Эжен взял новую и последнюю подушку, прибил её по краям к опустевшей раме, подбросил в камин щепок и вернулся к Максу, уже накрывшемуся одеялом.
— Как вы провели вечер?
— Неплохо. Даже весело.
— Не говорили обо мне?
— Нет. Но думали.
Макс слабо улыбнулся.
— Хочешь спать? — спросил Эжен.
— Да, но и поесть не отказался бы.
Через минуту Макс откусывал в темноте от булки, смазанной соусом. Заморив, он повернулся на бок лицом к стене и глухо попросил:
— Скажи мне что-нибудь ещё.
Что ему сказать? Что Анастази любила его больше всего на свете? Это прозвучит упрёком и намёком на необратимость прошлого. Педантично внушать, что спасение нужно лишь ввиду действительной опасности?… Но способен ли он сейчас внимать логике?
— …Я очень люблю, когда падает снег.
— Я тоже… Ещё.
— … Твои малыши и впрямь очень похожи на вас с Анастази. Даже слишком…
— Это естественно для второго поколения. Нази ведь тоже первая в своём роду.
— Она знала своих родителей.
— В ней не было ничего от них… Она словно сошла с небес. Словно по прошествии этих миллиардов лет со дней творения Бог проснулся, увидел, как выродился мир, и — создал её,… прекрасную, как надежда,… дал ей это святое имя…
— Но она не смогла исцелить тебя…
— Между нами всегда кто-то стоял… Граф де Ресто — вот кто уж точно был железным прагматиком.
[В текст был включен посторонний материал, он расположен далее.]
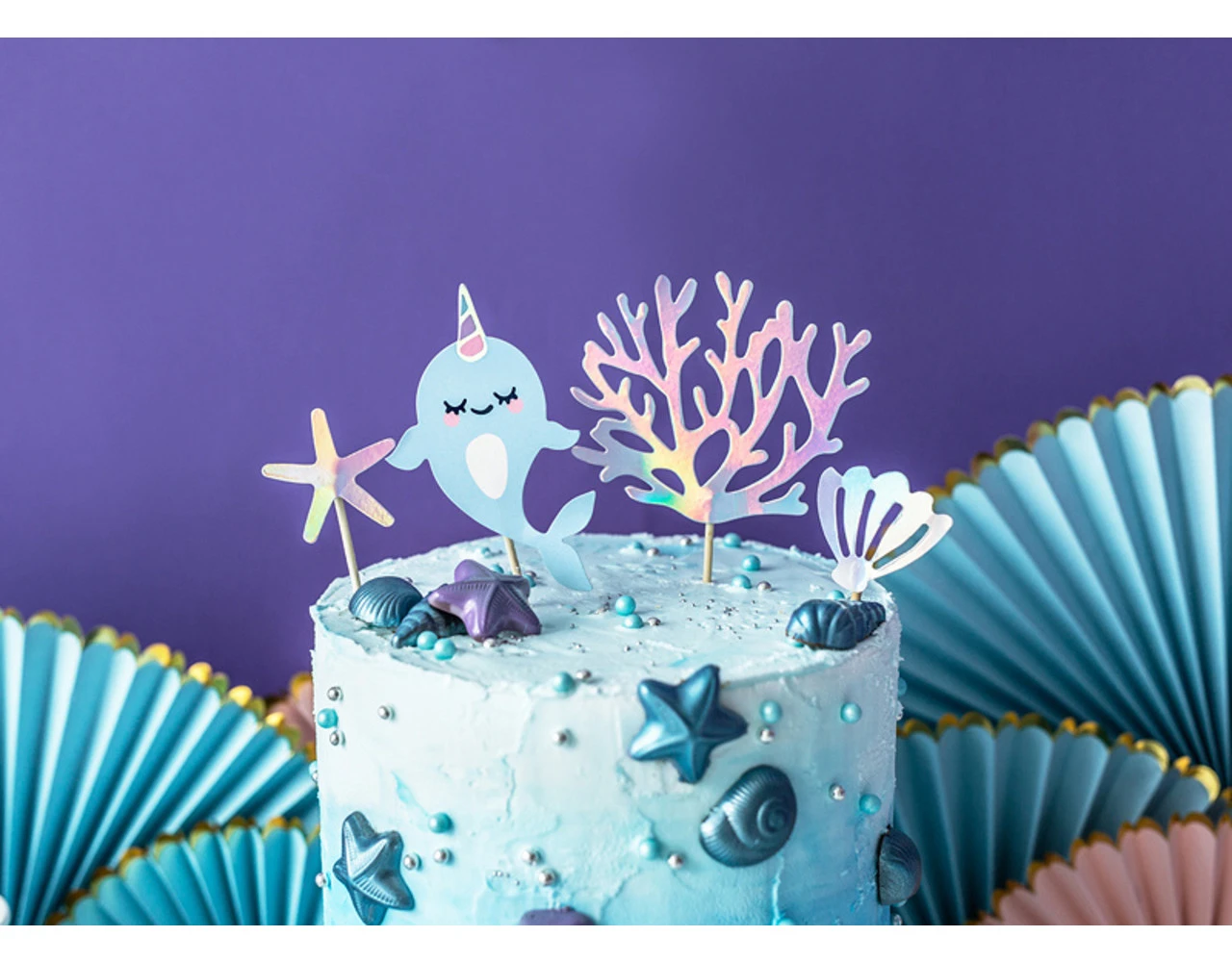 Toppers Narwal, mix van kleuren en dessins, set bevat 4 topper op stokjes, hoogte van ca. 10 cm tot ca. 15,5 cm.

— Он женился из-за приданого?
— Хуже. Их брак был селекционным экспериментом. Как-то граф с воодушевлением объяснял мне свою теорию смешения благородной и плебейской крови ради удачного потомства. В его глазах божественная красота Нази была лишь многообещающей породой, ради которой он изображал доброго, почтительного супруга, хотя считал свою избранницу умственно и нравственно неполноценной. Однажды целый вечер с хохотом рассказывал мне, что застал её читающей книгу… Интересно, чем его сейчас забавляют черти.
— А как она к нему относилась?
— Её чувство к нему большинство женщин называют любовью, а большинство мужчин — страхом.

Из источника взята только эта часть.